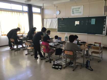 やまもも学級です。 書写です。 硬筆の子、毛筆の子、それぞれですが、がんばっています。
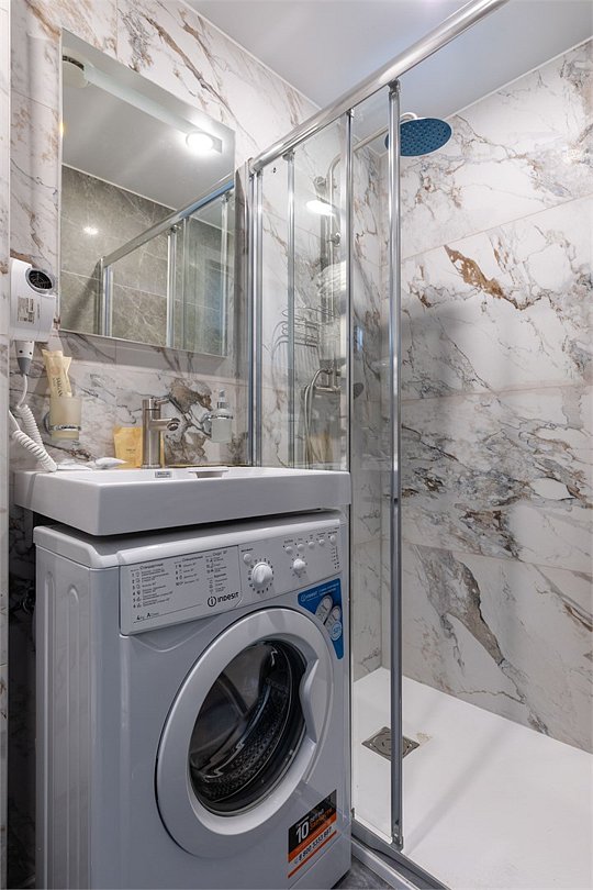 телевизор, Wi-Fi, холодильник, кондиционер, фен, плита для приготовления пищи, микроволновая печь, душевая кабина, водонагреватель, халаты, банные полотенца, тапочки, гигиенические средства, косметические средства, односпальная кровать, гладильная доска, тумбы, шкаф для одежды, вешалки, обеденный стол, зеркало, кухня, набор посуды, обслуживание номеров, сейф, стиральная машина, чайник, раковина, отопление, душ, кухонная посуда, стаканы, столовые приборы, стиральная машина и сушилка, стул, стол, туалетные средства, туалет, сушилка для белья, мини-холодильник, мини-кухня, мансардные окна, номер для некурящих, онлайн-регистрация до заезда, бутилированная вода, шапочка для душа, мыло, затемняющая штора, еда на вынос (за дополнительную плату), онлайн-регистрацияВ номере
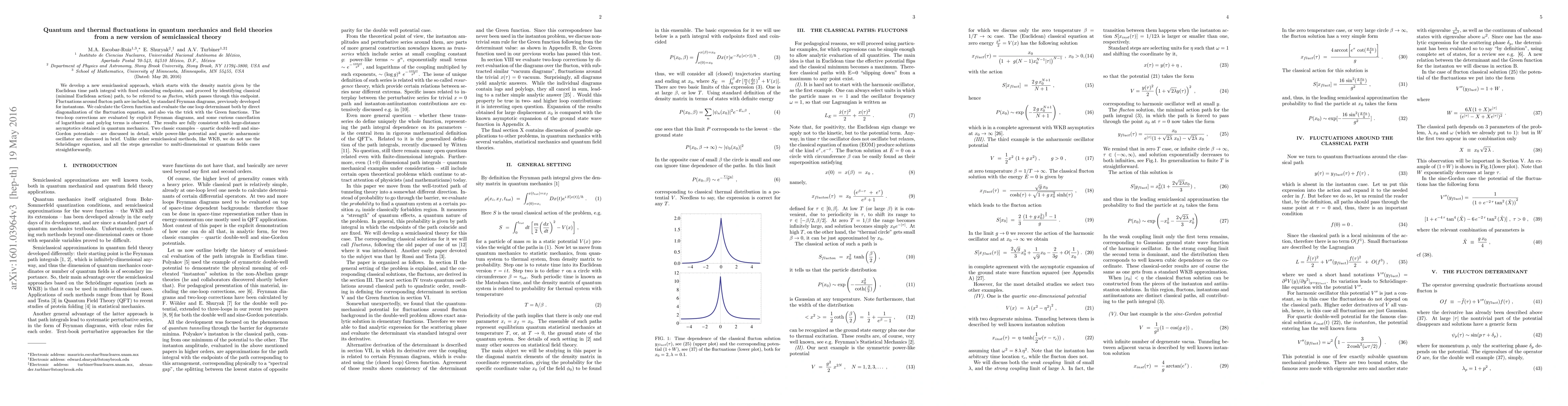 We develop a new semiclassical approach, which starts with the density matrix given by the Euclidean time path integral with fixed coinciding endpoints, and proceed by identifying classical (minimal Euclidean action) path, to be referred to as {\it flucton}, which passes through this endpoint. Fluctuations around flucton path are included, by standard Feynman diagrams, previously developed for instantons. We calculate the Green function and evaluate the one loop determinant both by direct diagonalization of the fluctuation equation, and also via the trick with the Green functions. The two-loop corrections are evaluated by explicit Feynman diagrams, and some curious cancellation of logarithmic and polylog terms is observed. The results are fully consistent with large-distance asymptotics obtained in quantum mechanics. Two classic examples -- quartic double-well and sine-Gordon potentials -- are discussed in detail, while power-like potential and quartic anharmonic oscillator are discussed in brief. Unlike other semiclassical methods, like WKB, we do not use the Schr\"{o}dinger equation, and all the steps generalize to multi-dimensional or quantum fields cases straightforwardly.
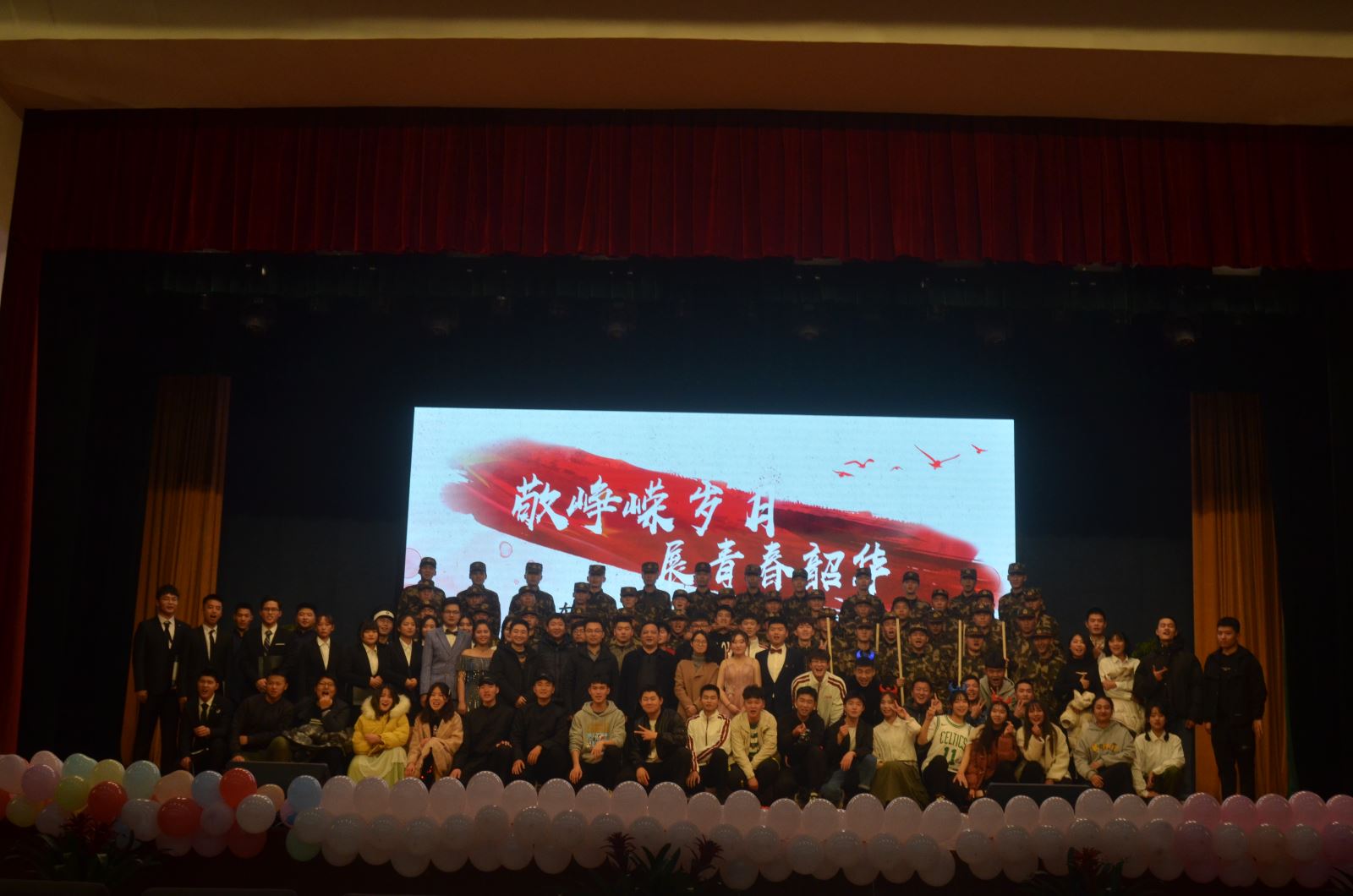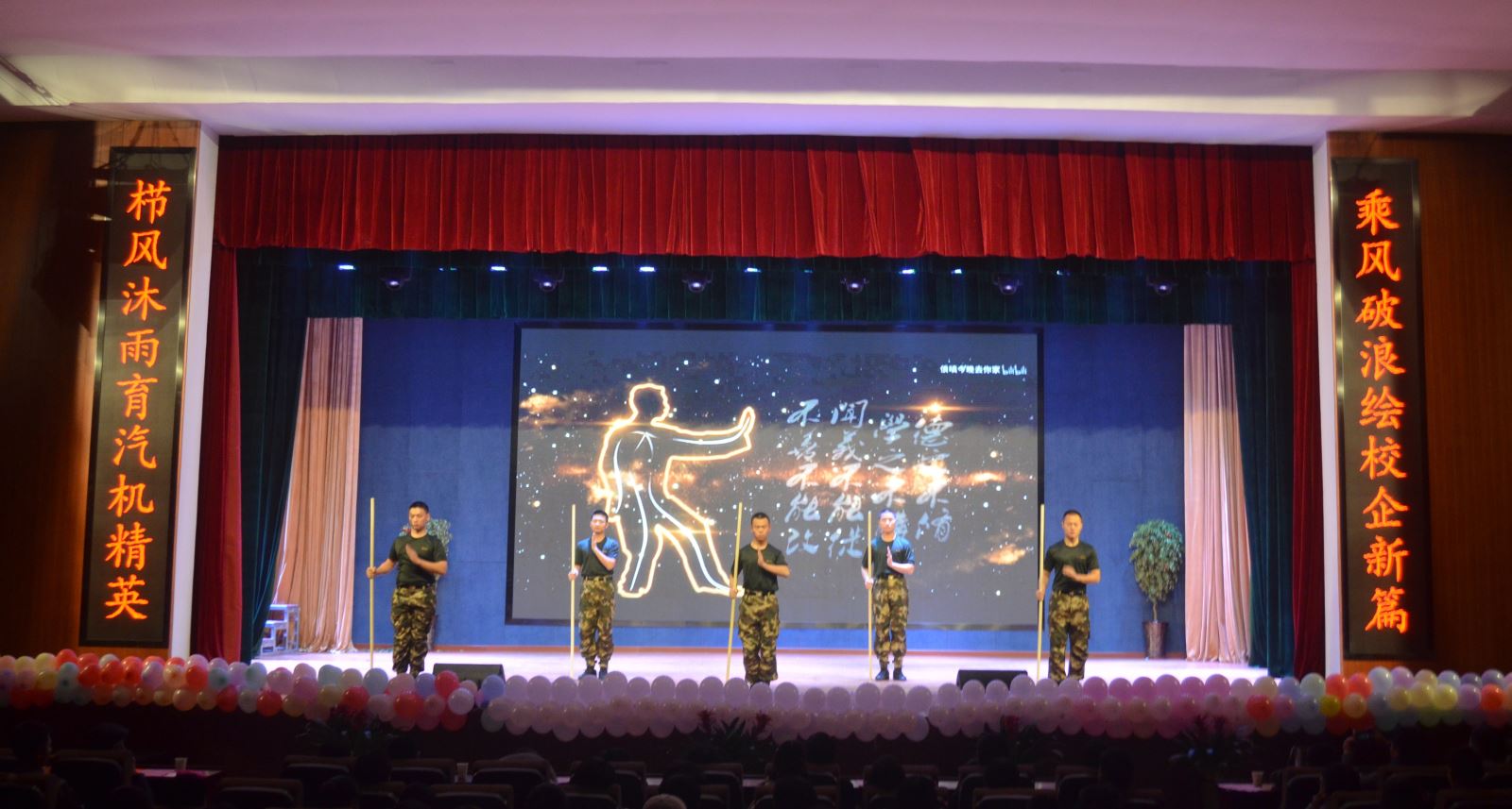 晚會在激情洋溢的開場舞中拉開帷幕。緊接著相聲《今非昔比》迅速將現場觀眾帶入了歡快的喜劇氛圍中。話劇《五四春潮》(節選)展現了汽機學子強烈的家國情懷。剛勁有力的武術表演展示了士官生過硬的軍事素養。軍歌合唱《強軍戰歌》彰顯了士官班同學以青春奮斗的姿態投身國防建設事業的奮斗激情……。整場晚會歌舞交錯,相聲小品輪番登場,現場高潮迭起掌聲不斷,為同學們帶來了一場震撼的視聽盛宴。

> **EXERCISE BRIEF**
Nothing but the lines from the one holding "We develop a" through the last line of the listing should appear in the answer, copied exactly and without pictures.

> **EXERCISE ANSWER**
 We develop a new semiclassical approach, which starts with the density matrix given by the Euclidean time path integral with fixed coinciding endpoints, and proceed by identifying classical (minimal Euclidean action) path, to be referred to as {\it flucton}, which passes through this endpoint. Fluctuations around flucton path are included, by standard Feynman diagrams, previously developed for instantons. We calculate the Green function and evaluate the one loop determinant both by direct diagonalization of the fluctuation equation, and also via the trick with the Green functions. The two-loop corrections are evaluated by explicit Feynman diagrams, and some curious cancellation of logarithmic and polylog terms is observed. The results are fully consistent with large-distance asymptotics obtained in quantum mechanics. Two classic examples -- quartic double-well and sine-Gordon potentials -- are discussed in detail, while power-like potential and quartic anharmonic oscillator are discussed in brief. Unlike other semiclassical methods, like WKB, we do not use the Schr\"{o}dinger equation, and all the steps generalize to multi-dimensional or quantum fields cases straightforwardly.
 晚會在激情洋溢的開場舞中拉開帷幕。緊接著相聲《今非昔比》迅速將現場觀眾帶入了歡快的喜劇氛圍中。話劇《五四春潮》(節選)展現了汽機學子強烈的家國情懷。剛勁有力的武術表演展示了士官生過硬的軍事素養。軍歌合唱《強軍戰歌》彰顯了士官班同學以青春奮斗的姿態投身國防建設事業的奮斗激情……。整場晚會歌舞交錯,相聲小品輪番登場,現場高潮迭起掌聲不斷,為同學們帶來了一場震撼的視聽盛宴。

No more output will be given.